▶ **PROBLEM**
For this exercise, return all the data word for word, with images left out.

====== DATA IN THIS EXERCISE

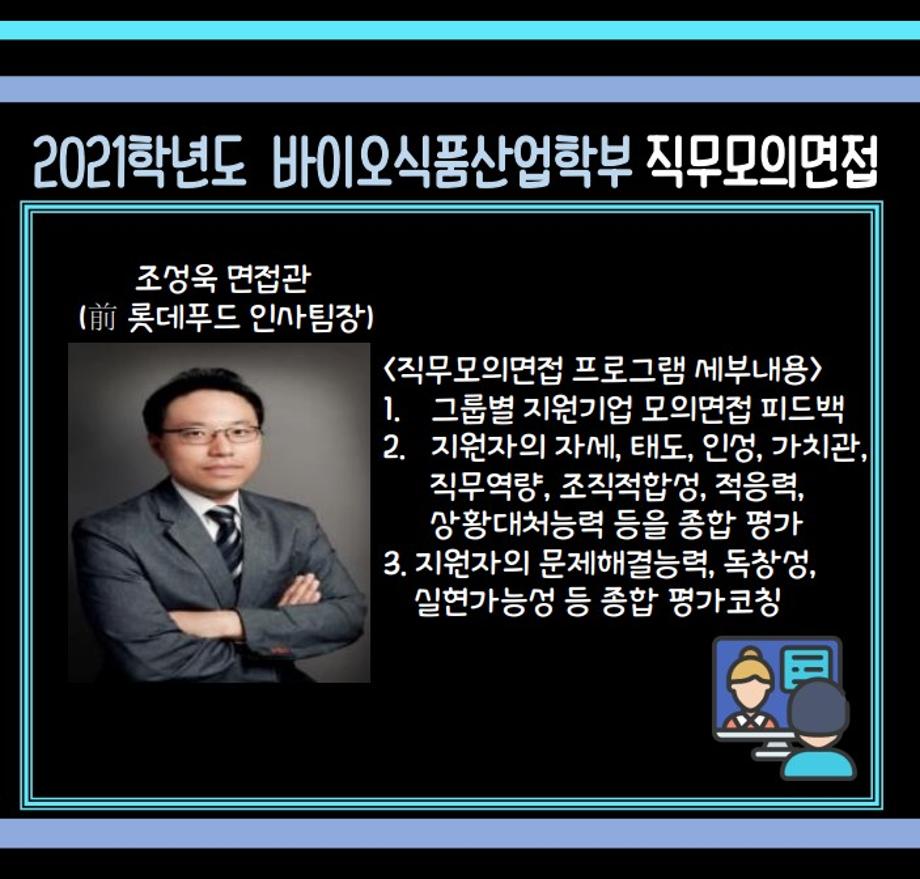 본문 시작 홈으로 학부소개 학부소개 진로·취업 교육과정 커뮤니티 대학원 입학상담 홈페이지가이드 갤러리 학부비전 학부장 인사말 학부연혁 학부장점 교수소개 교육시설 MOU 체결 갤러리 갤러리 페이스북 트위터 프린트 2021 직무모의면접 바이오식품영양학부 2370 2022-01-24 2021 직무모의면접 목록 이전2021 메디푸드개발 랜선조리경연대회 다음 2022 새내기 두드림 행사 만족도조사 만족도 조사 이 페이지에서 제공하는 정보에 대하여 만족하시나요? 매우만족 만족 보통 불만족 매우불만족
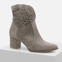 Botki damskie LEWSKI 3166 Welurowe skórzane Zamszowe kowbojki ażurowe Szary beż
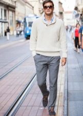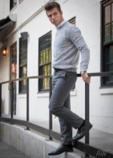 - Calças cinza, bege e qualquer outra escura podem ser combinadas com sucesso com camisas ou blazers disponíveis no guarda-roupa. Se você precisa criar uma imagem para sair com os amigos, a calça pode ser usada sob uma camiseta ou um suéter da moda.
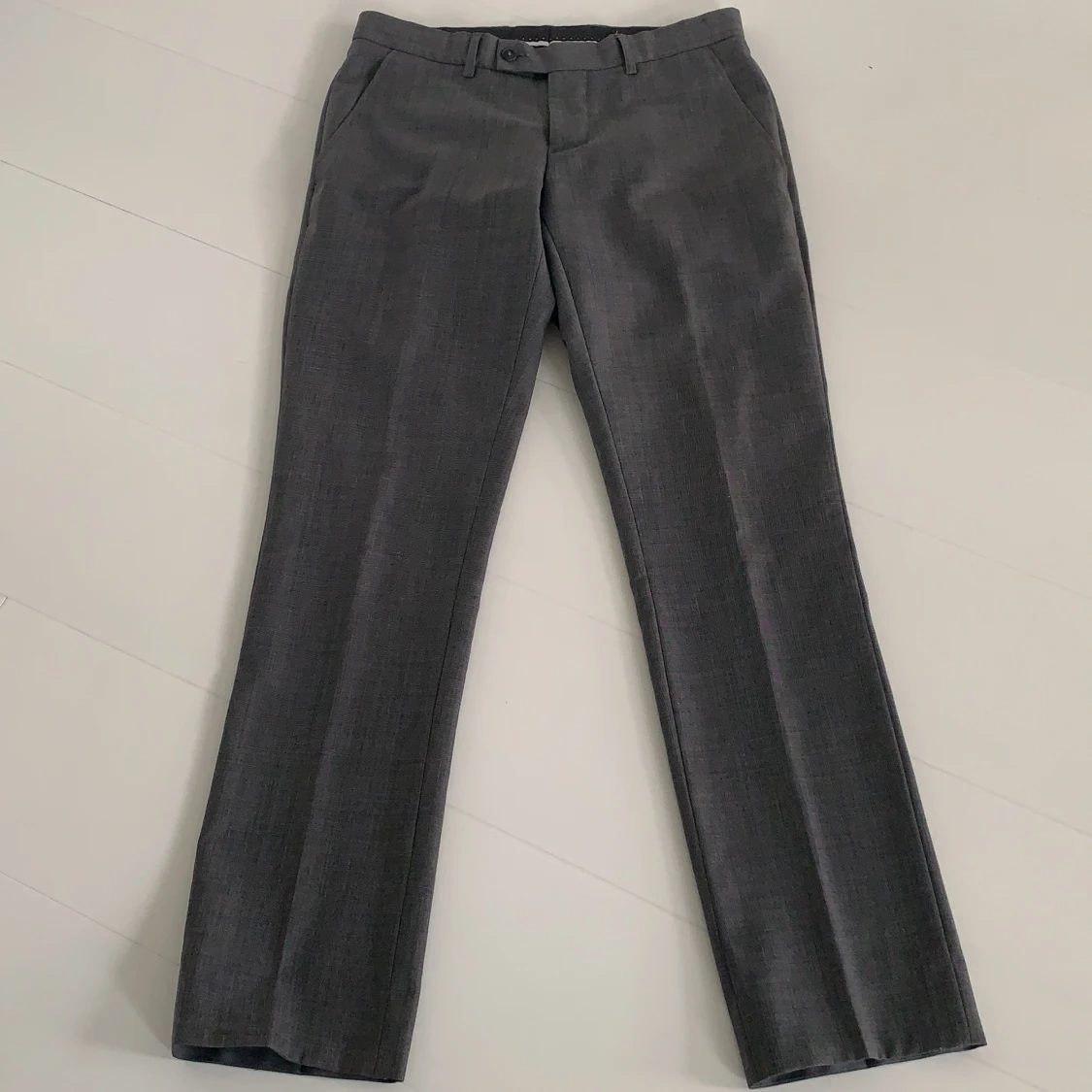 Bläck kostymbyxa, Dresstrouser. Size 46. I Sharkskin tyg. Bra skick som ny. Measurements: Waist: 41cm Outseam: 101cm Inseam: 80cm Leg opening: 19cm
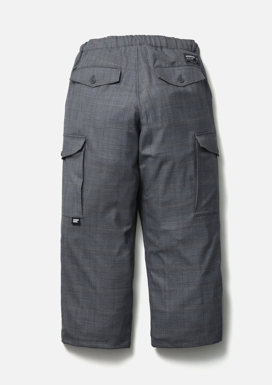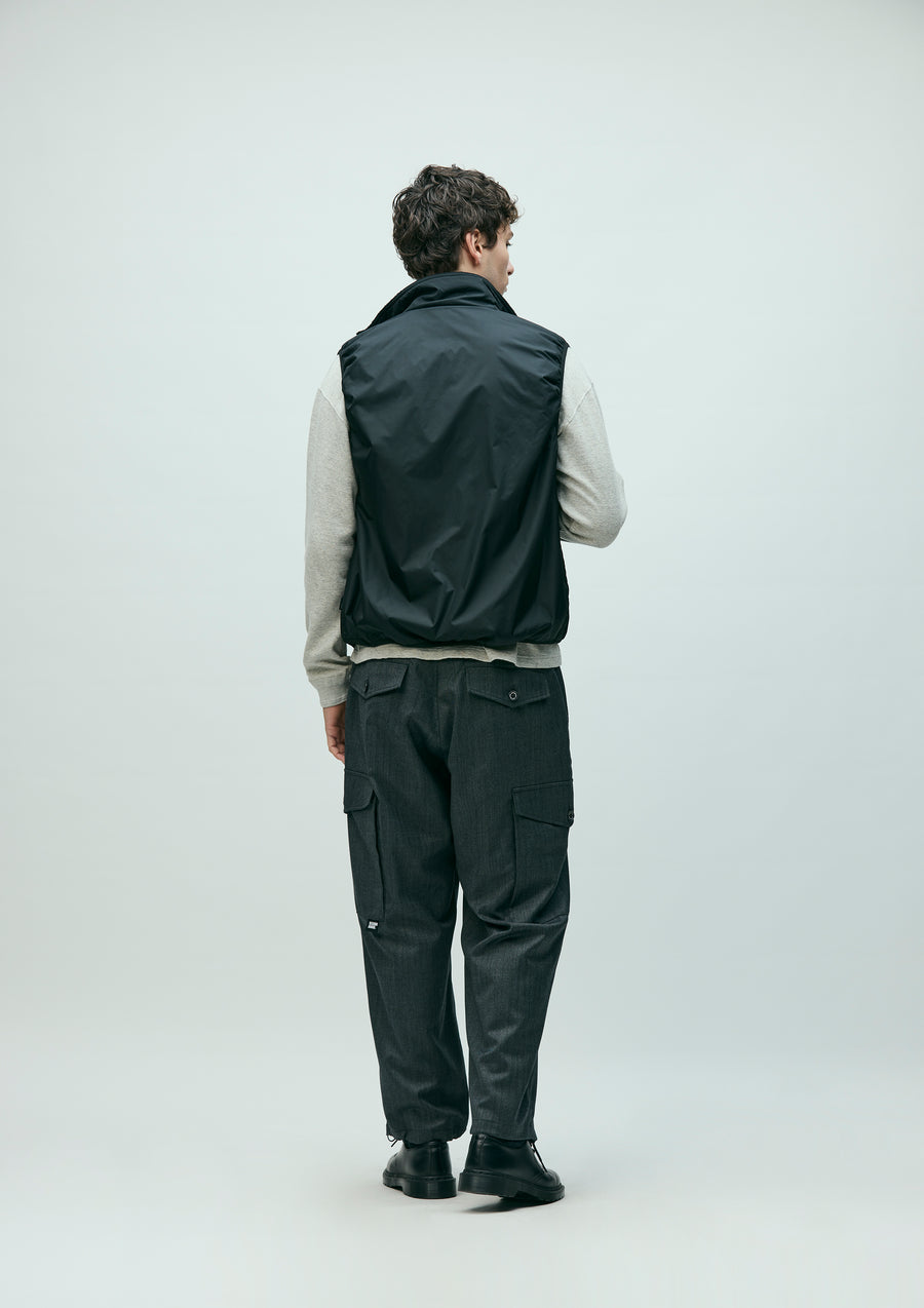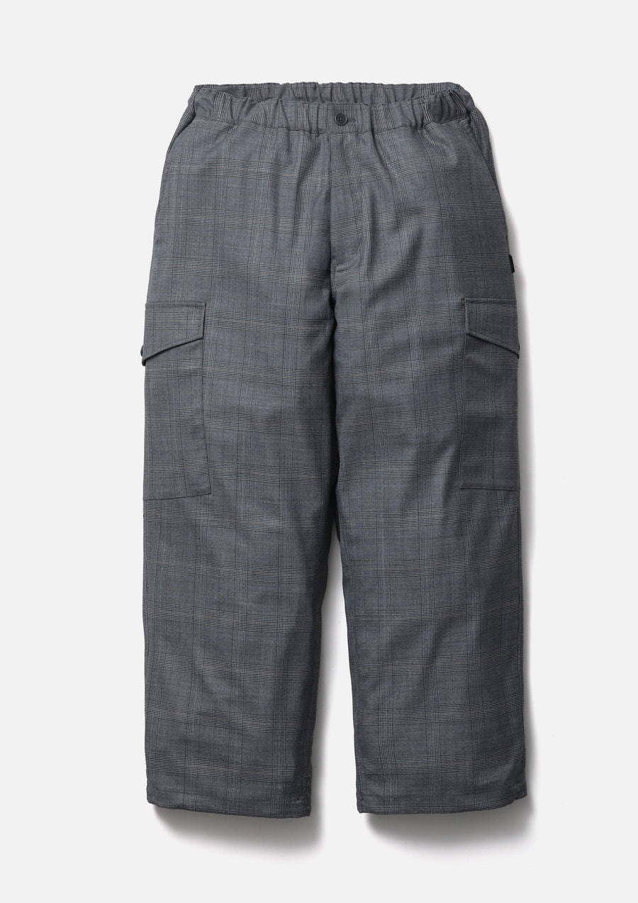 Wide cargo pants crafted from a washable wool blend. Designed with gusseted cargo pockets on both sides, an elastic waistband with an internal drawcord, and adjustable drawcords at the hems. Finished with original buttons, zipper pulls, and signature tape. Brand tags are placed on the cargo pockets and above the back flap pocket, with a woven side label at the side seam.
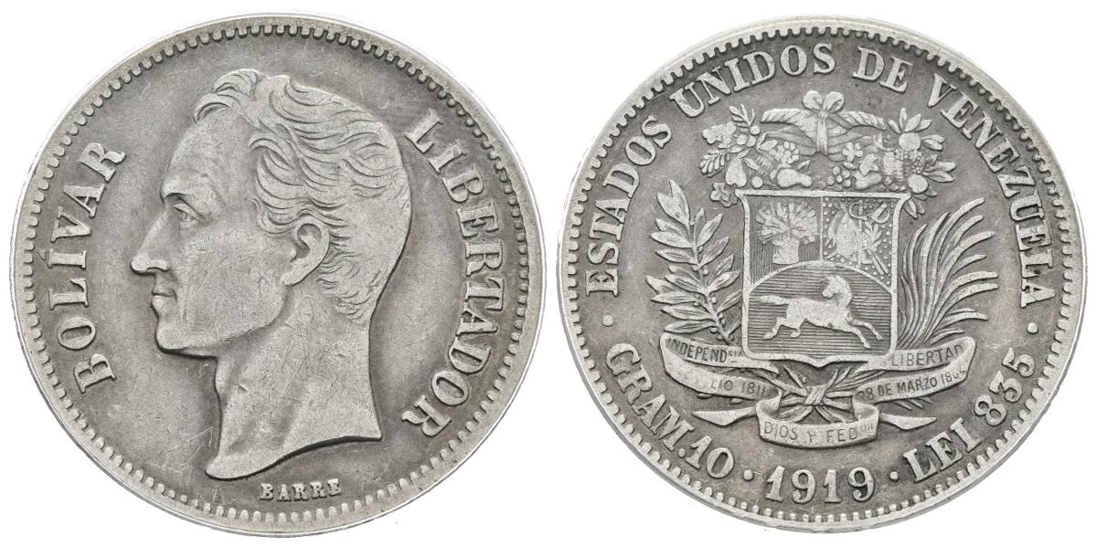 ESTADOS UNIDOS DE VENEZUELA. 2 Bolívares. (Ar. 10,00g/27mm). 1919. Philadelphia. (Km#Y23). Encapsulado ANACS VF-30.
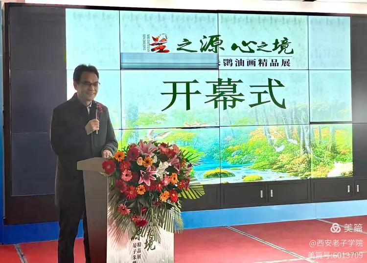 原陕西省人大常委会副主任刘维隆宣布:“美之缘·心之境——晏子朱鹮油画精品展”开幕。
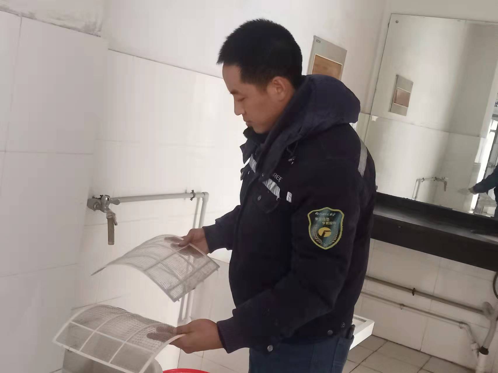 565net必赢客户端:清洗办公空调,为教师送上“健康礼”
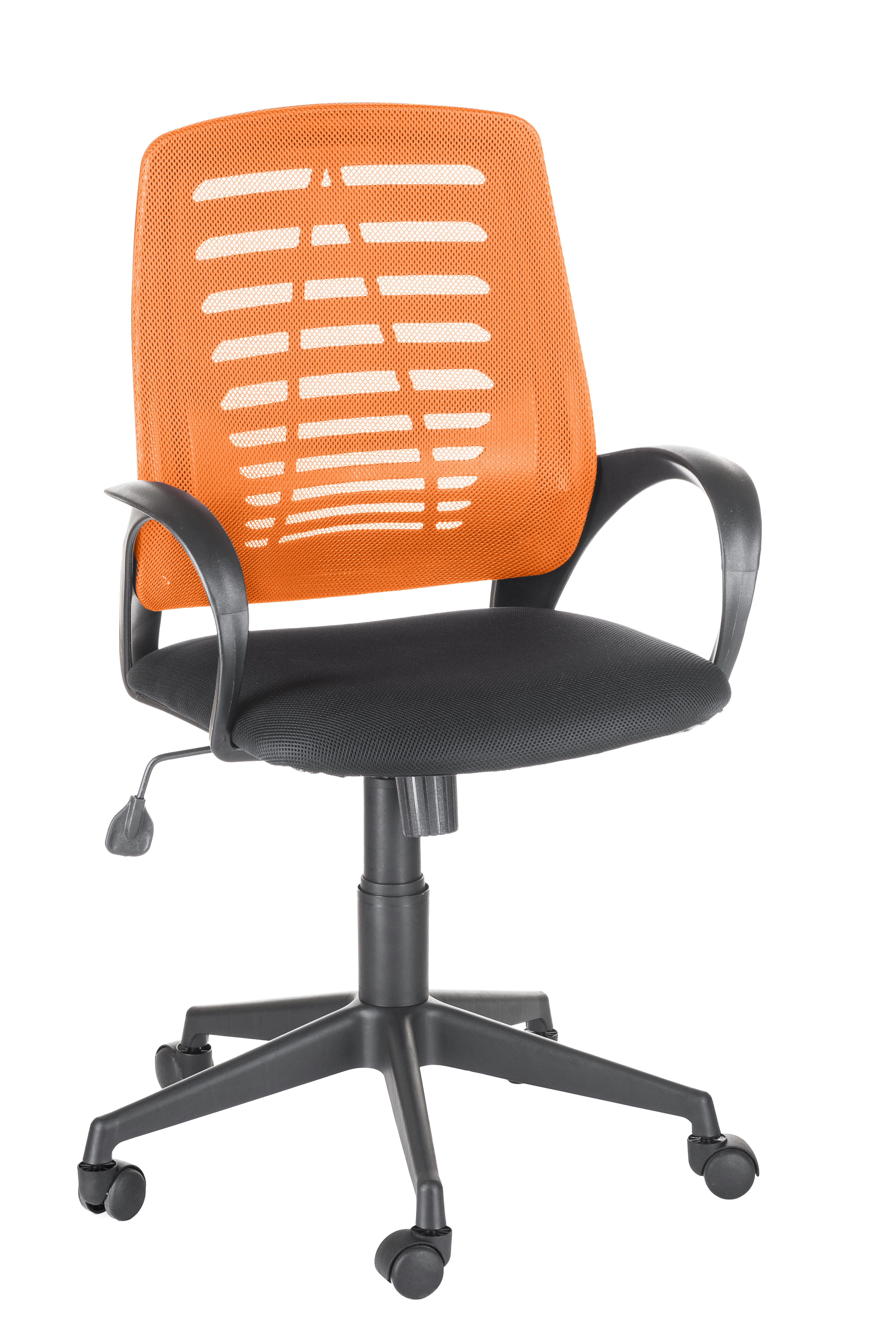 Кресло на колесах Ирис люкс обивка ткань-сетка TW сидушка черный, спинка оранж, подлокотники пластик, крестовина пластик, механизм качания
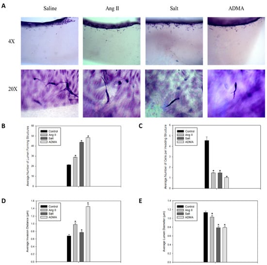 Treatment with HTN stimuli induced the formation of longer, thinner lymphatic vessels in hLECs. These figures show this with the inverse relationship between figures (B,D) and (C,E). Following the 24 h invasion assay, gels stained with toluidine blue were cut into 4–5 slices. Gels were imaged on their sides to allow for visualization of both the monolayer and the gel. (A) Images at 4× (invasion distance) and 20× (lumen diameter) were taken of LV sprouts in hLECs treated with saline, Ang II, salt, or ADMA. (B) The average number of lumen-forming structures (n = 150 or more), (C) average number of cells per invading structure (n = 187 or more), (D) average invasion distance (n = 475 or more), and (E) average lumen diameter (n = 150 or more) were quantified for all groups. Nuclei within sprouting vessels were counter-stained with DAPI to allow for quantification of the average number of cells per invading structure in each group. Invasion distance is defined as the minimum distance from the monolayer to the tip of the invading structure. The lumen of the vessel is defined as the clear space free of nuclei within a continuous membrane, which was visualized with the toluidine blue stain. ImageJ was used to measure the maximum width of the clear spaces. Results are expressed as mean + SEM, and statistical analyses were performed with a one-way ANOVA. * p < 0.05 vs. saline-treated cells.
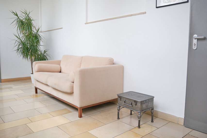 Zwar gibt es zu dem Gebäude zwei verschiedene Eingänge, nutzen Sie jedoch bitte den im Innenhof des Geländes. Dort befindet sich ein Zugang wie eben in einer alten Schule, mit vielen Glastüren. Halten Sie sich dort weiter rechts und Sie werden zur Praxis geleitet. Nehmen Sie auf dem bequemen Sofa Platz, denn dort hole ich Sie ab.
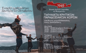 Έναρξη χορευτικών και μουσικών τμημάτων Η Ένωση Κρητών Κορινθίας “ο Ψηλορείτης” εύχεται στα μέλη και στους φίλους της καλή καινούρια πολιτιστική χρονιά και με χαρά ανακοινώνει την λειτουργία των τμημάτων: Τμήματα κρητικών παραδοσιακών χορών Δευτέρα 19.00-20.00 (αρχάριοι ενήλικες) 20.00-21.00 21.00-22.00 Τετάρτη 19.00-20.00 (αρχάριοι ενήλικες) 20.00-21.00 21.00-22.00 Σάββατο 11.00-12.00 (αρχάριοι παιδικό) 12.00-13.00 (παιδικό) Υπεύθυνος χοροδιδάσκαλος: κ. […]
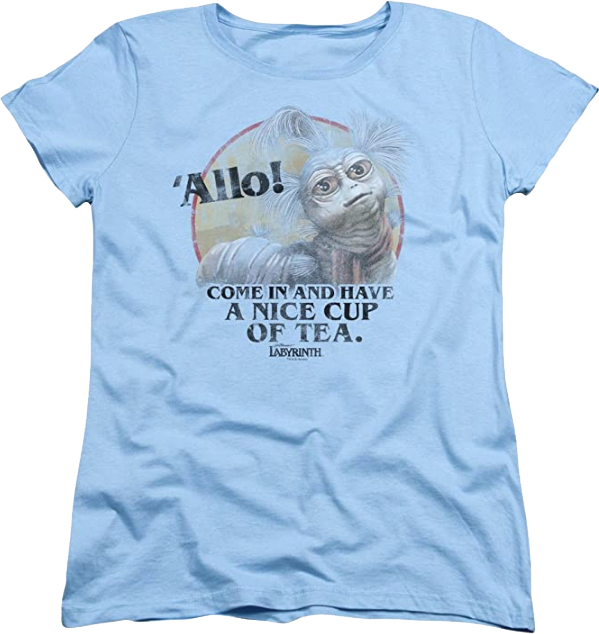 This womens shirt features an image of the worm from Labyrinth. The shirt shows the worm's quote 'Allo! It's not hello, but it's close enough. The shirt reads Come In And Have A Nice Cup Of Tea.

============

▶ **SOLUTION TO THIS TASK**
 본문 시작 홈으로 학부소개 학부소개 진로·취업 교육과정 커뮤니티 대학원 입학상담 홈페이지가이드 갤러리 학부비전 학부장 인사말 학부연혁 학부장점 교수소개 교육시설 MOU 체결 갤러리 갤러리 페이스북 트위터 프린트 2021 직무모의면접 바이오식품영양학부 2370 2022-01-24 2021 직무모의면접 목록 이전2021 메디푸드개발 랜선조리경연대회 다음 2022 새내기 두드림 행사 만족도조사 만족도 조사 이 페이지에서 제공하는 정보에 대하여 만족하시나요? 매우만족 만족 보통 불만족 매우불만족
 Botki damskie LEWSKI 3166 Welurowe skórzane Zamszowe kowbojki ażurowe Szary beż
 - Calças cinza, bege e qualquer outra escura podem ser combinadas com sucesso com camisas ou blazers disponíveis no guarda-roupa. Se você precisa criar uma imagem para sair com os amigos, a calça pode ser usada sob uma camiseta ou um suéter da moda.
 Bläck kostymbyxa, Dresstrouser. Size 46. I Sharkskin tyg. Bra skick som ny. Measurements: Waist: 41cm Outseam: 101cm Inseam: 80cm Leg opening: 19cm
 Wide cargo pants crafted from a washable wool blend. Designed with gusseted cargo pockets on both sides, an elastic waistband with an internal drawcord, and adjustable drawcords at the hems. Finished with original buttons, zipper pulls, and signature tape. Brand tags are placed on the cargo pockets and above the back flap pocket, with a woven side label at the side seam.
 ESTADOS UNIDOS DE VENEZUELA. 2 Bolívares. (Ar. 10,00g/27mm). 1919. Philadelphia. (Km#Y23). Encapsulado ANACS VF-30.
 原陕西省人大常委会副主任刘维隆宣布:“美之缘·心之境——晏子朱鹮油画精品展”开幕。
 565net必赢客户端:清洗办公空调,为教师送上“健康礼”
 Кресло на колесах Ирис люкс обивка ткань-сетка TW сидушка черный, спинка оранж, подлокотники пластик, крестовина пластик, механизм качания
 Treatment with HTN stimuli induced the formation of longer, thinner lymphatic vessels in hLECs. These figures show this with the inverse relationship between figures (B,D) and (C,E). Following the 24 h invasion assay, gels stained with toluidine blue were cut into 4–5 slices. Gels were imaged on their sides to allow for visualization of both the monolayer and the gel. (A) Images at 4× (invasion distance) and 20× (lumen diameter) were taken of LV sprouts in hLECs treated with saline, Ang II, salt, or ADMA. (B) The average number of lumen-forming structures (n = 150 or more), (C) average number of cells per invading structure (n = 187 or more), (D) average invasion distance (n = 475 or more), and (E) average lumen diameter (n = 150 or more) were quantified for all groups. Nuclei within sprouting vessels were counter-stained with DAPI to allow for quantification of the average number of cells per invading structure in each group. Invasion distance is defined as the minimum distance from the monolayer to the tip of the invading structure. The lumen of the vessel is defined as the clear space free of nuclei within a continuous membrane, which was visualized with the toluidine blue stain. ImageJ was used to measure the maximum width of the clear spaces. Results are expressed as mean + SEM, and statistical analyses were performed with a one-way ANOVA. * p < 0.05 vs. saline-treated cells.
 Zwar gibt es zu dem Gebäude zwei verschiedene Eingänge, nutzen Sie jedoch bitte den im Innenhof des Geländes. Dort befindet sich ein Zugang wie eben in einer alten Schule, mit vielen Glastüren. Halten Sie sich dort weiter rechts und Sie werden zur Praxis geleitet. Nehmen Sie auf dem bequemen Sofa Platz, denn dort hole ich Sie ab.
 Έναρξη χορευτικών και μουσικών τμημάτων Η Ένωση Κρητών Κορινθίας “ο Ψηλορείτης” εύχεται στα μέλη και στους φίλους της καλή καινούρια πολιτιστική χρονιά και με χαρά ανακοινώνει την λειτουργία των τμημάτων: Τμήματα κρητικών παραδοσιακών χορών Δευτέρα 19.00-20.00 (αρχάριοι ενήλικες) 20.00-21.00 21.00-22.00 Τετάρτη 19.00-20.00 (αρχάριοι ενήλικες) 20.00-21.00 21.00-22.00 Σάββατο 11.00-12.00 (αρχάριοι παιδικό) 12.00-13.00 (παιδικό) Υπεύθυνος χοροδιδάσκαλος: κ. […]
 This womens shirt features an image of the worm from Labyrinth. The shirt shows the worm's quote 'Allo! It's not hello, but it's close enough. The shirt reads Come In And Have A Nice Cup Of Tea.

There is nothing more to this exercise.